Records for this exercise START

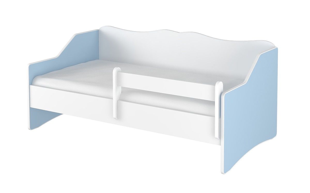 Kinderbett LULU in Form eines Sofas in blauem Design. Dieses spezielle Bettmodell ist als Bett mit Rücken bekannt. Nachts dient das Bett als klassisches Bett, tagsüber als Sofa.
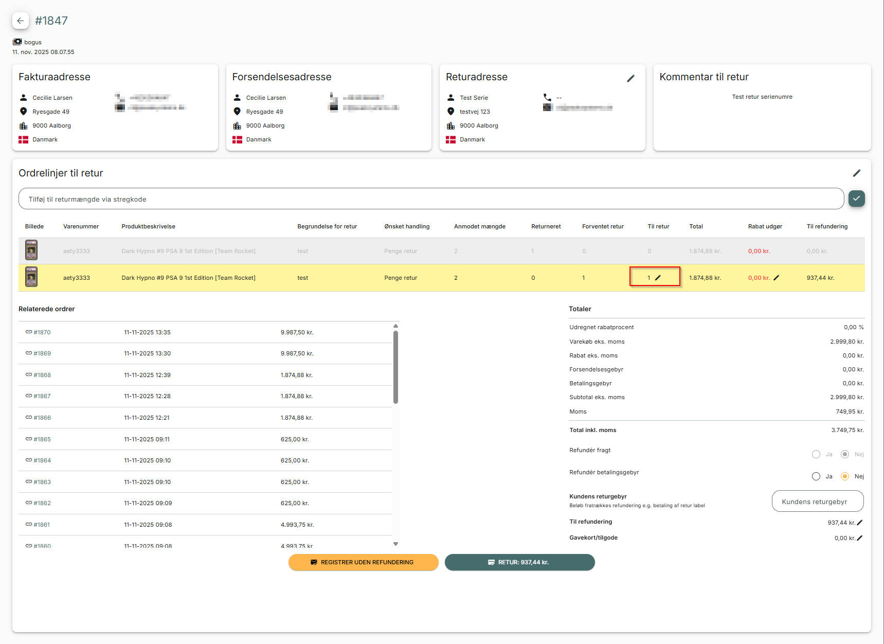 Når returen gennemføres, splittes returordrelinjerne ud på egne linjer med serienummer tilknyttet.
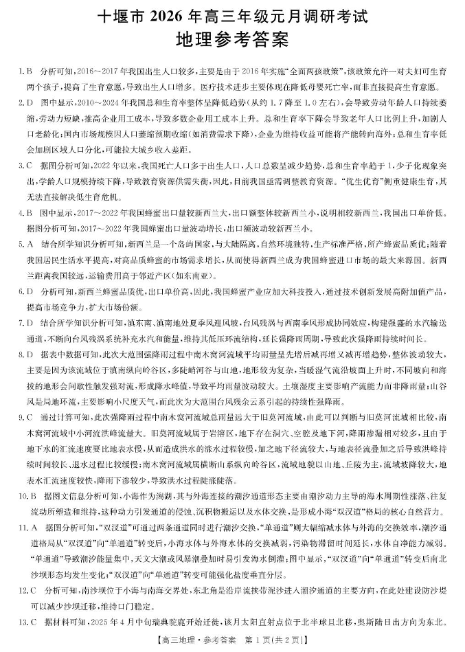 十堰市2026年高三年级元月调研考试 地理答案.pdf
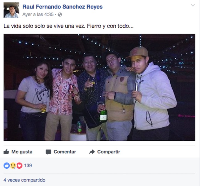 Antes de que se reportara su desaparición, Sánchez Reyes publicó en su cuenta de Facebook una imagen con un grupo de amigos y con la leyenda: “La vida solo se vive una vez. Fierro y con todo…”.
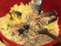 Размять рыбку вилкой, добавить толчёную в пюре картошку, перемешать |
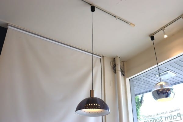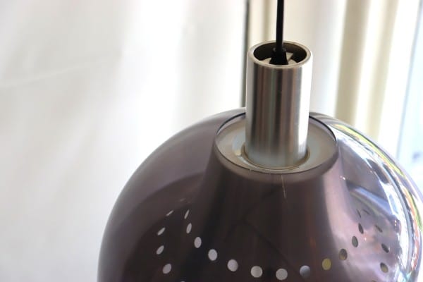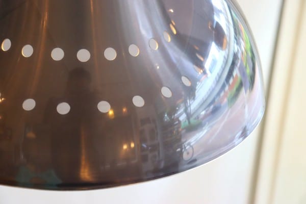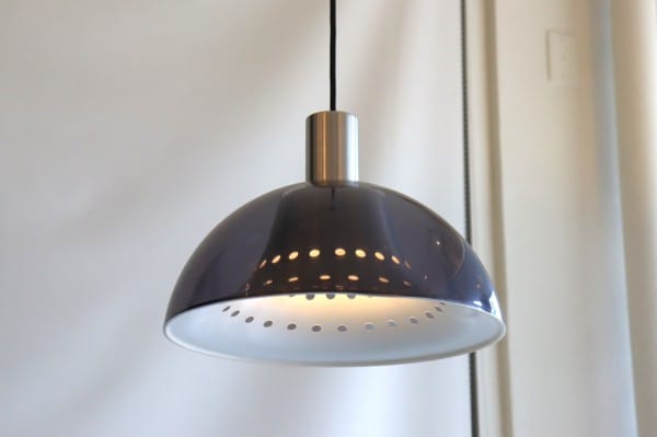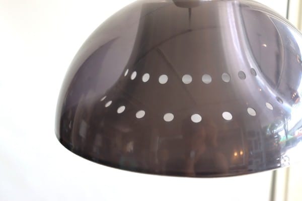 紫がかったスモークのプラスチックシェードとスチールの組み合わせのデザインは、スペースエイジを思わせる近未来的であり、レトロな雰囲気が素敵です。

Records for this exercise END
Records for this exercise START

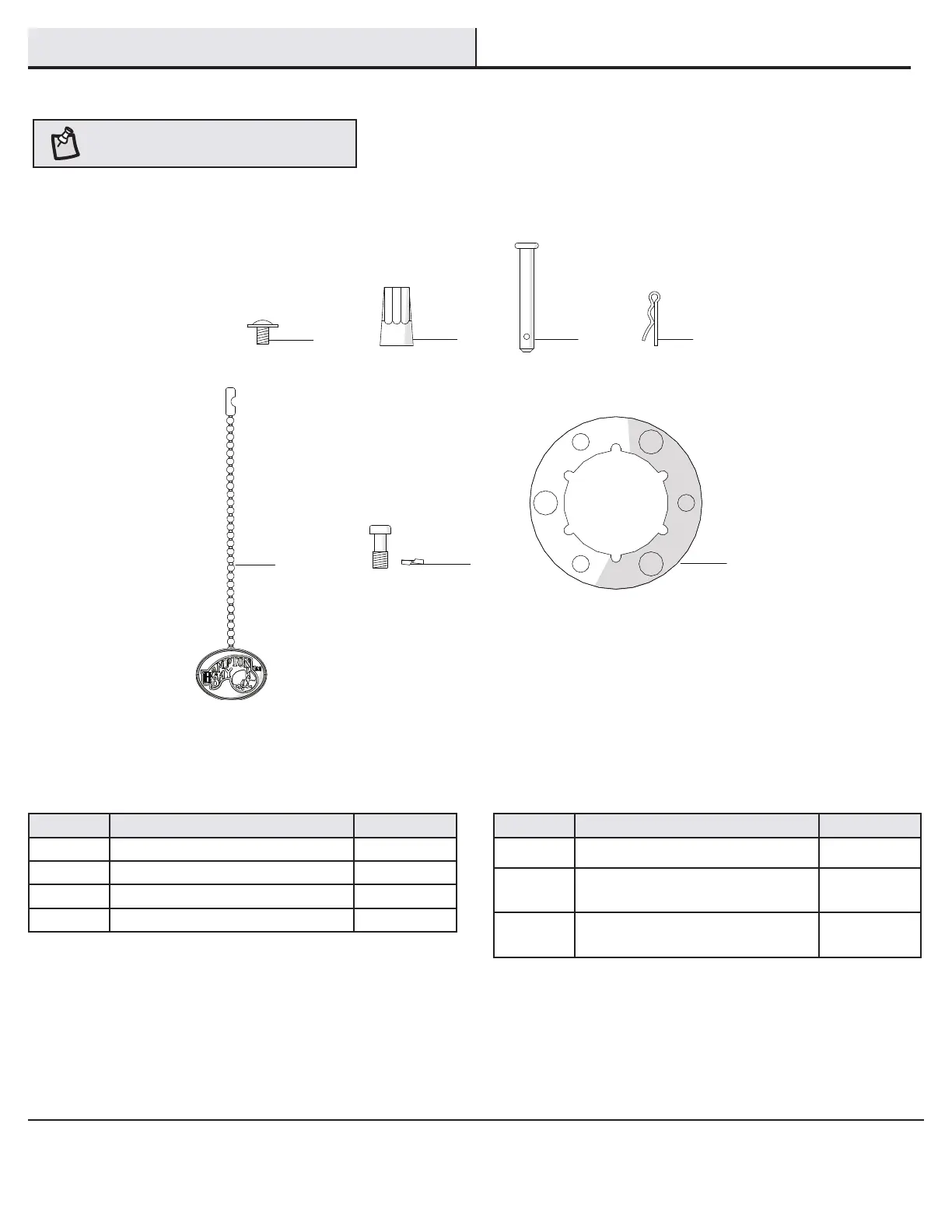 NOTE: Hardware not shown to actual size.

Records for this exercise END

Directions for this task:
What should come back is an exact copy of the lines above from the line with "Kinderbett LULU in" to the line with "Antes de que", both included, minus the pictures.

Written answer:
 Kinderbett LULU in Form eines Sofas in blauem Design. Dieses spezielle Bettmodell ist als Bett mit Rücken bekannt. Nachts dient das Bett als klassisches Bett, tagsüber als Sofa.
 Når returen gennemføres, splittes returordrelinjerne ud på egne linjer med serienummer tilknyttet.
 十堰市2026年高三年级元月调研考试 地理答案.pdf
 Antes de que se reportara su desaparición, Sánchez Reyes publicó en su cuenta de Facebook una imagen con un grupo de amigos y con la leyenda: “La vida solo se vive una vez. Fierro y con todo…”.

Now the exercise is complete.